A CNC ressalta que as famílias com renda de até três salários mínimos são as mais afetadas, registrando os maiores níveis de endividamento (83,6%) e de contas em atraso (38,2%).
Brasil: líder mundial em spread bancário
Juliane Furno, professora de economia da Universidade Federal Fluminense (UFF), argumenta que as taxas "altíssimas" do spread bancário são um fator crucial para compreender o endividamento das famílias brasileiras.
"O Brasil figura entre os países com os maiores spreads bancários globais, frequentemente no topo dos rankings recentes", afirma Juliane. Ela explica a dualidade: "Os bancos justificam o spread elevado pela alta inadimplência, mas é igualmente válido argumentar que a inadimplência é alta justamente porque os juros (spread) são exorbitantes."
De acordo com o ranking da World Open Data de 2024, o Brasil lidera globalmente em taxas de spread, superando países como República Tcheca, Sudão do Sul, Serra Leoa, Moçambique, Angola, Ucrânia e Timor Leste.

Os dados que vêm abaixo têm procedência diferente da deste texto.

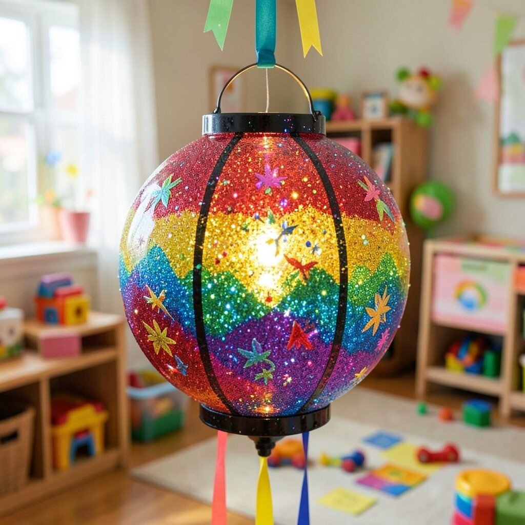 Celebrate life’s colorful moments with a vibrant festival lantern. Use a rainbow of glitter colors to create a lively, joyful design. This lantern can brighten any space instantly.

Dados do Banco Central de março revelam que a taxa média de juros cobrada pelos bancos das pessoas físicas, ou seja, das famílias, alcança impressionantes 61% ao ano. Em contraste, para as empresas, essa média é de 24%.
Maria Mello de Malta, professora de economia política da Universidade Federal do Rio de Janeiro (UFRJ), pondera que a posição do Brasil como o segundo país com a maior taxa Selic do mundo impacta diretamente na elevação das taxas bancárias para a população.
"Com a taxa Selic elevada, todas as demais taxas de juros tendem a subir. Se um trabalhador excede o limite do cartão de crédito ou não consegue quitar um empréstimo, os juros aplicados serão ainda superiores à própria Selic", explicou Maria Mello à Agência Brasil.
Malta complementa que essa dinâmica cria um efeito "bola de neve", onde as famílias trabalhadoras buscam novas fontes de crédito para saldar dívidas anteriores, mergulhando em um ciclo de endividamento progressivo.
Os juros do rotativo do cartão de crédito representam as taxas mais elevadas praticadas no Brasil, podendo ultrapassar 400% ao ano.
O programa Novo Desenrola
O governo federal instituiu o Novo Desenrola Brasil, uma iniciativa destinada a auxiliar famílias, estudantes e pequenos empreendedores na renegociação de dívidas, regularização cadastral e recuperação do acesso ao crédito.
Esta nova etapa do programa, com duração de 90 dias, oferece descontos que podem chegar a 90%, juros significativamente reduzidos e a opção de utilizar o Fundo de Garantia do Tempo de Serviço (FGTS) para abater débitos.